To gain a deep insight into the integrity and conditions of the skin during its incubation in the 3D-PDC, we performed viability assays. In this experiment, we studied the viability of various regions of the skin in contact with the 3D-PDC parts (
Figure 2A). Importantly, we found that the skin in the central region of the receptor chamber remained viable, presenting up to 100% and 70% viability for incubation times of 12 and 24 h, respectively (
Figure 2B,C). This result further demonstrates that the skin preserves its integrity and viability over moderately long incubation times in the 3D-PDC, thus ensuring that the data obtained during the diffusion experiments are valid and relevant. Notably, this encouraging result might extend the use of 3D-PDCs as tools for other skin-on-chip applications, such as wound healing, tissue engineering and organ-on-chip.
The 3D-PDC is compatible with a standard fluorescence microscope, as schematically depicted in
Figure 3A. This result, which is due to the pocket-size of our design, is key for the real-time detection of the concentration profile of the compound under test.

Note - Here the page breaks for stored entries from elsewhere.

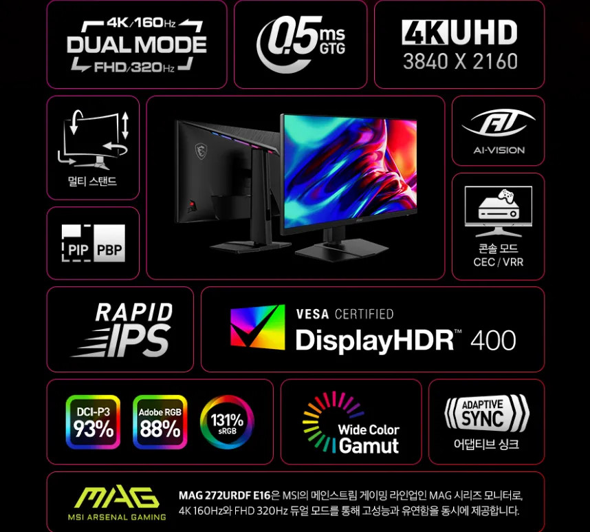 : MSI MAG 272URDF800 E16 듀얼모드 게이밍 모니터 4K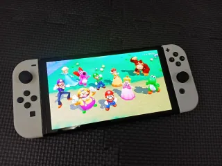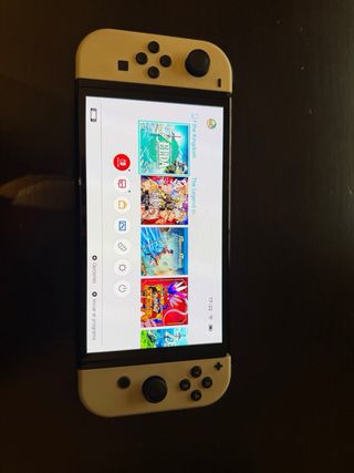 Consola Nintendo Switch modelo OLED en color blanco, en excelente estado. Con dos juegos y porta consolas de mario incluido en el precio - Incluye consola, Joy-Cons y caja original. - Pantalla OLED vibrante. - Diseño elegante y moderno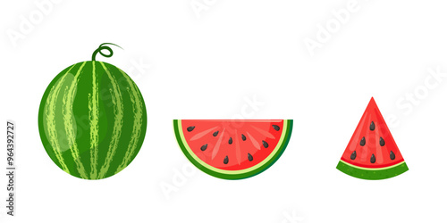 Watermelon and watermelon slices icon in flat style on white background. For project design, vegan products. Vector graphics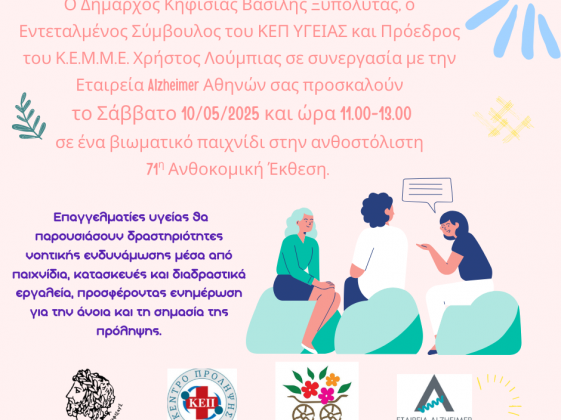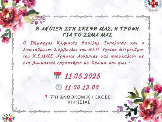 71η Ανθοκομική Έκθεση Κηφισιάς: Βιωματικές Δράσεις Νοητικής Ενδυνάμωσης στις 10/5 στο Άλσος

Figure 3B shows the results of the diffusion of the dextran molecules through the healthy skin membrane, as predicted by our theoretical model and investigated by time-lapse microscopy. The concentration profile is non-linear with an initial plateau up until 12 h. At this time-step the concentration starts to increase indicating that the dextran is accumulating in the receptor chamber. Remarkably, we found that the experimental profile is in really good agreement with the theoretical one that we calculated by solving the Fick’s second law for the donor/skin/receptor system. Specifically, we found that the diffusivity of the dextran in the tested skin is about 2·10−10 m2/s, in agreement with the literature on this subject.
Finally, we extended our investigation to active transdermal drug-delivery (TDD) systems. As a case study, we assessed the functionality of a microneedles-roll as vehicle to enhance the skin diffusivity of FITC-dextran.

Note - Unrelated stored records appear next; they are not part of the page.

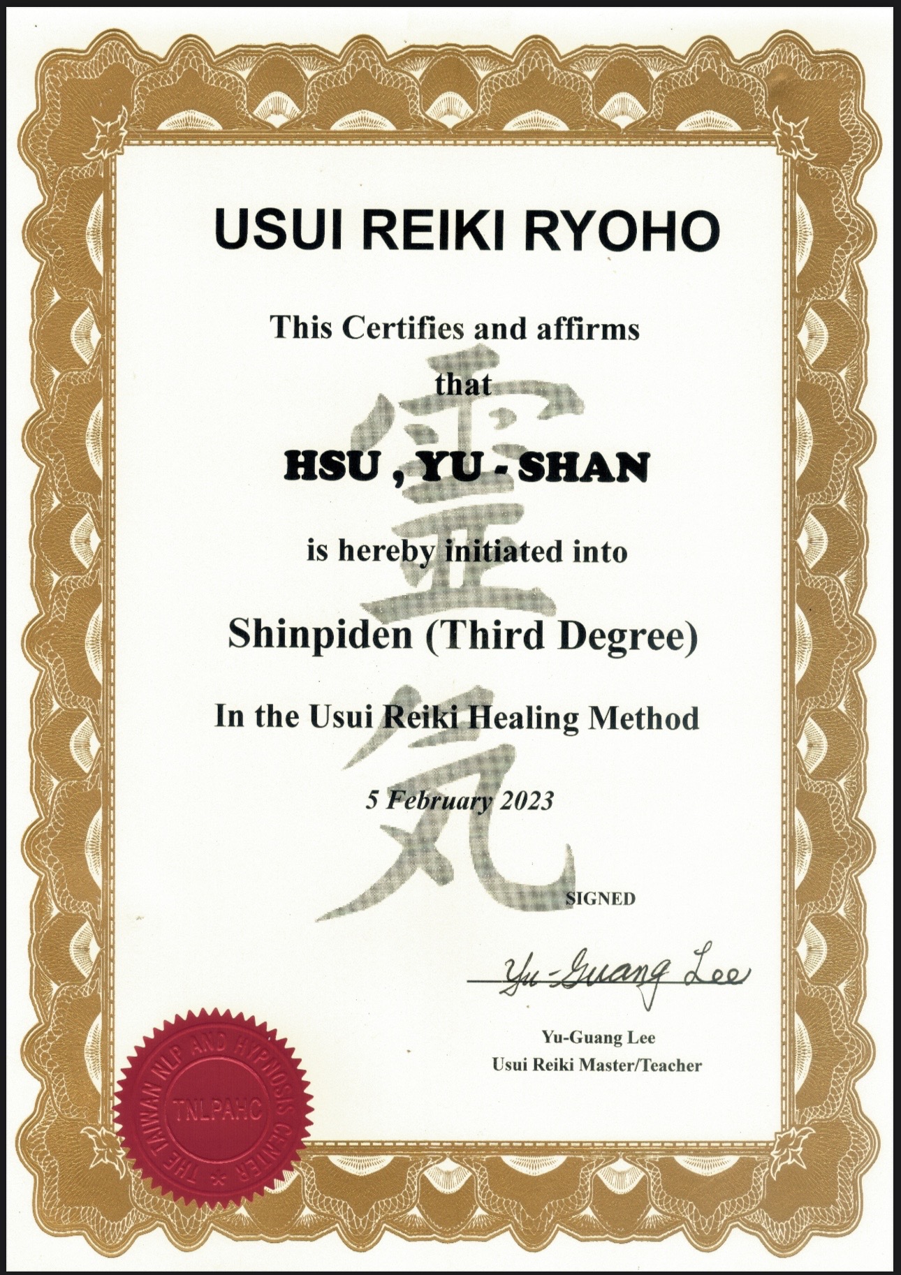 作為第 8 代傳承者,擁有完整清晰的 Usui Reiki lineage,從創始人一路到現代,保留了最純粹的教學與能量系統。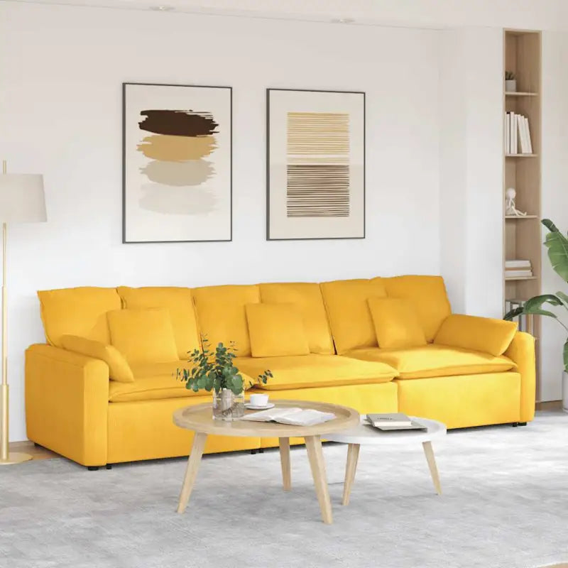 - Royale zitplaatsen: met drie modulaire secties biedt de bank voldoende zitruimte om comfortabel te loungen, waardoor hij ideaal is voor familiebijeenkomsten of het ontvangen van vrienden. Of het nu wordt gebruikt in een gezellige woonkamer of een open ruimte, het ruime ontwerp zorgt ervoor dat iedereen samen kan ontspannen.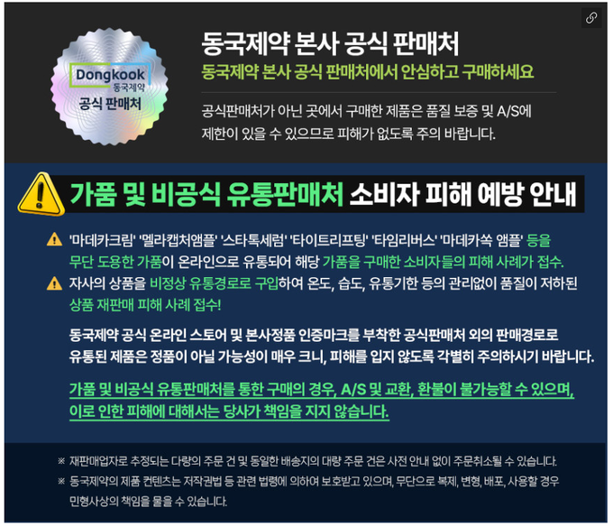 동국제약은 소비자에게 위조품과 정품의 차이를 안내하는 자료를 배포하고 있다. 오픈마켓을 포함한 온라인 유통 채널을 대상으로 상시 모니터링을 강화하고 나섰다. 위조 제품 발견 시 판매자를 대상으로 법적 대응을 할 방침이다.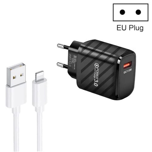 Cargador rápido USB TE-005 QC3.0 18 W con cable USB 1 m 3 A a 8 pines (Negro)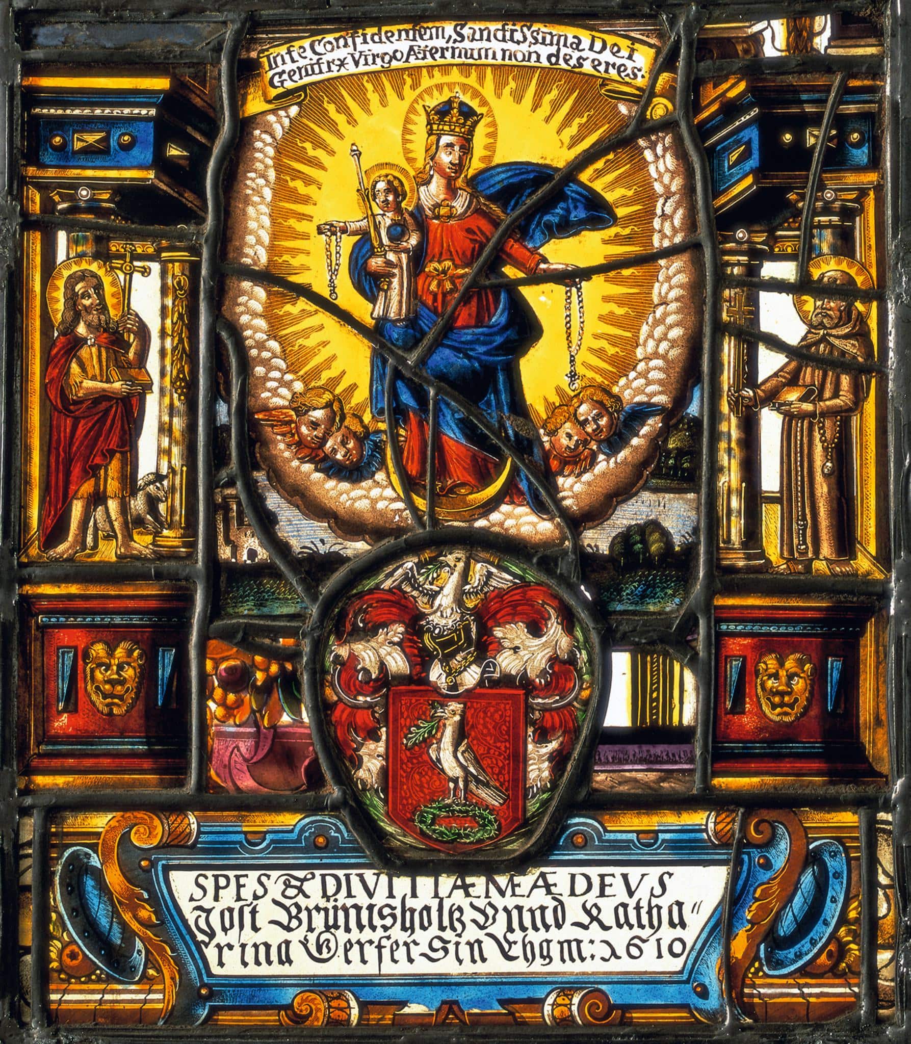 Der grössere Teil der zusammengestückelten Scheibe gehört der Zeit um 1700 an. Über einer Flusslandschaft erscheint die Muttergottes auf der Mondsichel in einem umwölkten und mit Putten belebten Strahlenkranz. Sie ist in ein rotes Gewand und einen blauen Mantel gekleidet und präsentiert mit der Linken den Rosenkranz. Das Jesuskind in ihrem rechten Arm trägt eine weisse Tunika, in den Händen hält es die Weltkugel und den Rosenkranz. Die Rahmenarchitektur ist aus marmorierten Säulen über roten Podesten mit Löwenkopfmasken gebildet, die einen verkürzten blauen Architrav tragen. In den seitlichen Architekturöffnungen stehen links Johannes der Täufer in gelbem härenem Gewand und rotem Mantel, rechts der hl. Franziskus, in der rechten Hand das Kreuz, in der Linken das Buch haltend. An seinem Gürtel hängt ein Rosenkranz mit einem Totenkopf. Die Bildszene schneidet ein eingeflicktes Wappen in ovalem, beschnittenem Lorbeerkranz an. Es überlappt auch den oberen Rand der älteren, angefügten Inschriftkartusche, die von Schilden und Früchten gerahmt wird und die neben den Stifternamen auch eine lateinische Devise “Gott bedeutet mir Hoffnung und Reichtum” aufnimmt.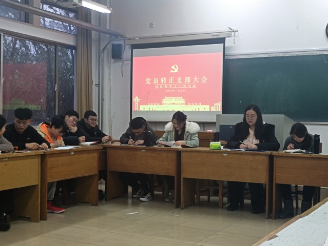 12月30日下午,公司本科生第一党支部召开党员转正支部大会,讨论蒋载文、张娜、安荣正、彭倩、姜瑞琪五名预备党员转为正式党员的问题。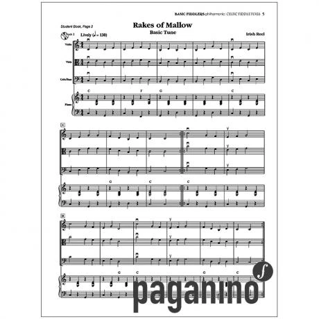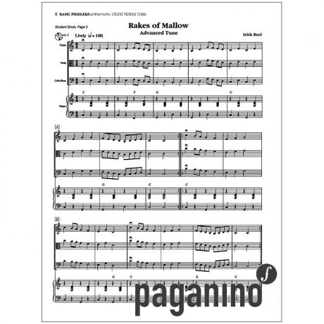 New from the Philharmonic series, this collection is an absolutely perfect way to introduce Celtic fiddling to your youngest string players! Eleven tunes from the Celtic fiddling tradition are presented first in a simplified, very easy »Basic« version of the tune printed with note names in the note heads. The tune is also presented in an »Advanced,« but still accessible version of the tune. Lyrics are included where applicable. The accompaniment CD features recordings of the Basic and the Advanced tune as well as a back-up track for play-along at home or in class.

Figure 3C shows the cumulative amount over time of dextran diffusing in the receptor for both passive and microneedle-assisted diffusion. A significant enhancement (~5 folds) in the dextran diffusion through the treated skin with respect to the untreated one is evident. This is not surprising, considering that microneedles help to cross the epidermis and accelerate the molecular diffusion. Importantly, this result clearly demonstrates that our method can be used to study and quantify the efficiency of a transdermal drug-delivery system.

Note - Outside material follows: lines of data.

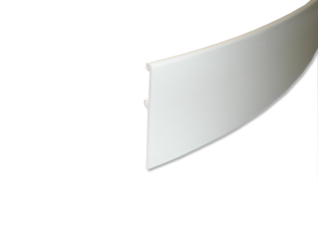Popis produktu – Krycí čelo bílé. Cena je udávána za běžný metr. Lze zadávat na dvě desetinná místa. Při použití koncových oblouků je třeba objednat navíc 45 cm krycího čela.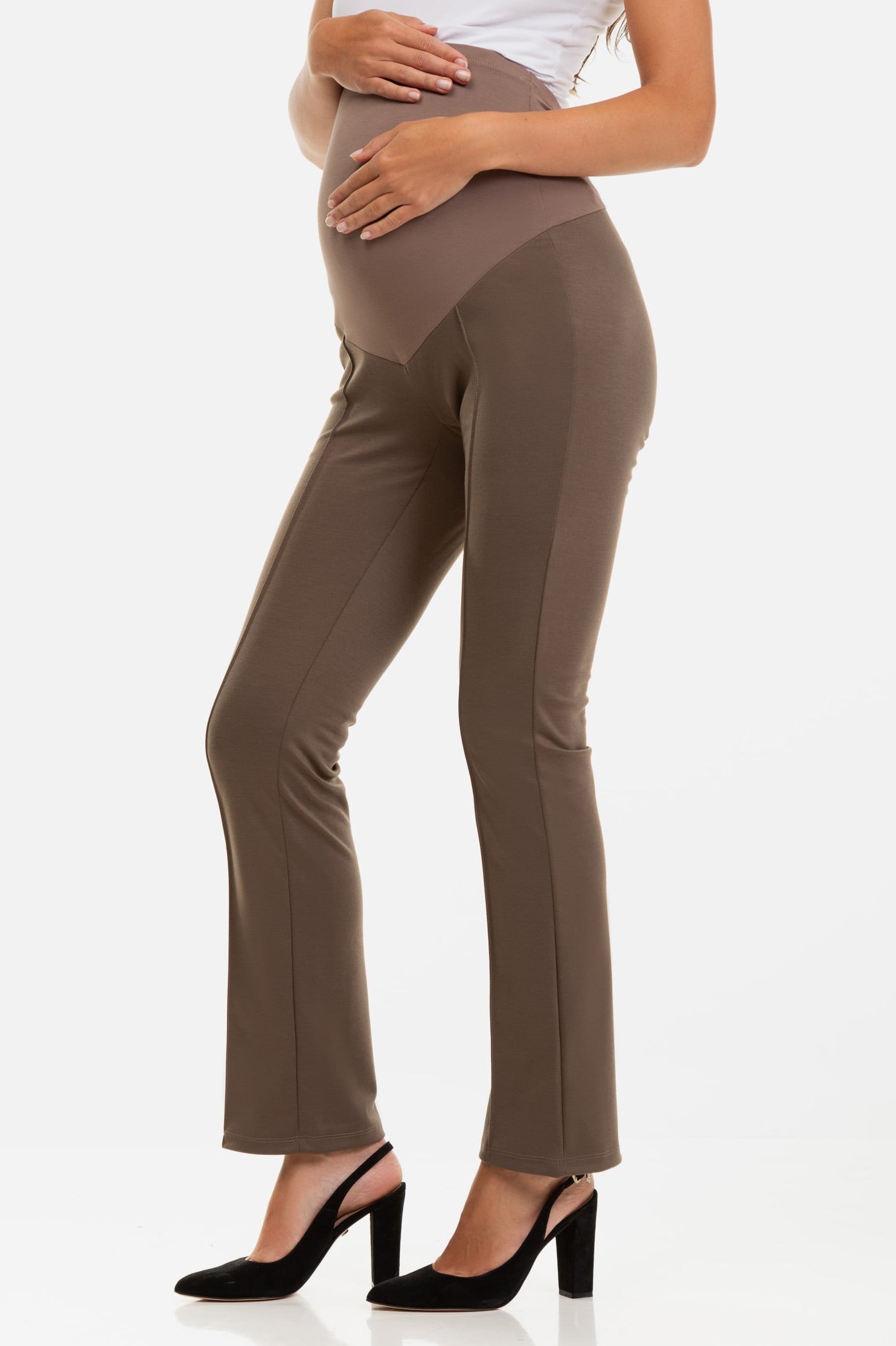 • Spodnie ciążowe wykonane z grubej dzianiny w kolorze brązowym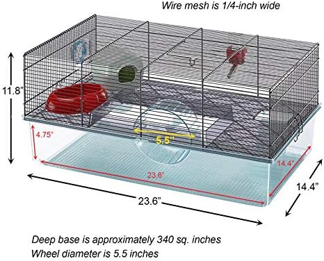 Large Living Space: Hamster cage measures 23.6 length x 14.4 width x 11.8 height inches, deep base measures 23.6L x 14.4W x 4.75H (approx. 340 square inch base), wire top mesh is 1/4 inch wide, exercise wheel is 5.5 inch diameter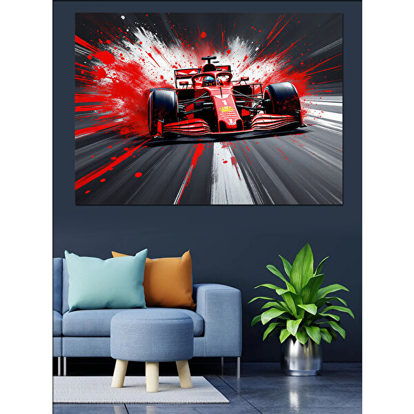 Kırmızı Yarış Arabası Patlaması Dekoratif Kanvas - Mdf Ahşap Tablo

4. Conclusions and Future Perspectives
3D-PDCs are suitable for in vitro skin permeation assays and quantitative assessment of TDD systems. Furthermore, the good viability of the incubated skin makes the device promising for applications where the viability of the tissue is an issue. In this regard, optimization of the current design and setup would also allow prolonged and advanced studies, such as tissue barrier diseases and wound healing.
Our compact design also offers the possibility of integrating the 3D-PDC with various detection instruments (e.g., photo-spectrometer), thus widening the potential applications of our method to other emerging fields, such as nanotoxicology, nanotherapeutics and regenerative medicine.